Former NY congressman denies sex abuse allegations

FILE - In this Tuesday, June 28, 2011, file photo, then-U.S. Rep. Gary Ackerman, D-N.Y., visits a protest in Jerusalem. (AP Photo/Bernat Armangue, File)

NEW YORK (AP) - A lawyer for former U.S. Rep. Gary Ackerman denied on Sunday accusations leveled in a lawsuit that the New York Democrat is a sexual "predator" who violated a teenager at a Boy Scout camp five decades ago.

In a suit filed this month in state Supreme Court in Manhattan, Ackerman is accused of abusing a then-17-year-old - identified only as "John Doe" - while Ackerman was a director at the Ten Mile River Camp near Narrowsburg, in upstate New York. Ackerman was 23 at the time.

"In over 30 years of public service, there has never been any accusation of this kind or indeed of any wrongdoing in the Congressman's career," attorney Oscar Michelen said in an emailed statement. He added his client would "vigorously" fight the charges and seek to get the case dismissed.

In late 1966, according to the suit, Ackerman lured the teen into his car so he could drive him to an abandoned road, where he "attempted to force Mr. Doe to perform oral sex on him and forcefully performed oral sex on Mr. Doe."

The suit, which seeks unspecified damages, says the plaintiff has suffered "serious and severe psychological injuries and emotional distress, mental anguish, embarrassment and humiliation."

A local chapter of the Boy Scouts of America is also named as a defendant based on a claim that it failed "to take any steps to keep the dangerous predator away from the young men of the camp."

In a statement Sunday, the Boy Scouts said a check of a database used to screen volunteers found no record of any allegation against Ackerman.

"Had the national organization been made aware of credible allegations against Mr. Ackerman, we would have acted to remove him from scouting," it said.
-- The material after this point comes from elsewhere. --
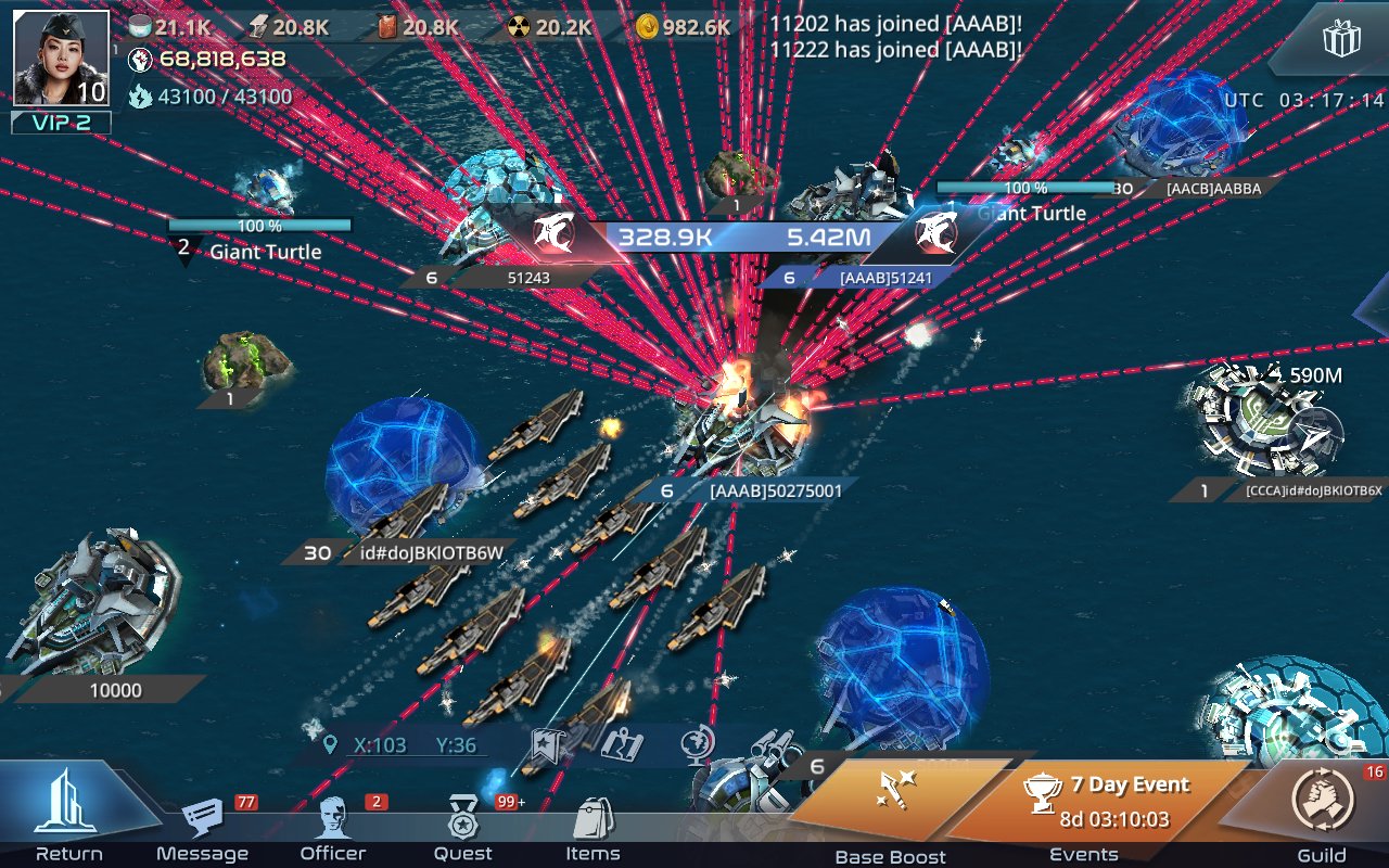 Sea Fortress is an Epic War of Fleets - new online strategy game from the famous Studio of IGG. At this time, according to the authors, the events develop in the near future, in the days when our planet was attacked by the insidious alien invaders, which in turn triggered a global catastrophe and the Earth was flooded by the oceans. You also have to gather under his command an entire Armada of ships and try to survive in these conditions. With this at your disposal will be a wide selection of both surface ships and submarines, and the opportunity to team up with other players will significantly expand your opportunities.

The suit is among hundreds filed against a variety of defendants, including the Boy Scouts, since New York's recent enactment of the Child Victims Act. The law opened a one-year window for sex abuse suits previously barred by the state's statute of limitations.

Ackerman, a 15-term Democrat who represented parts of Queens and Long Island, announced his retirement from Congress in 2012.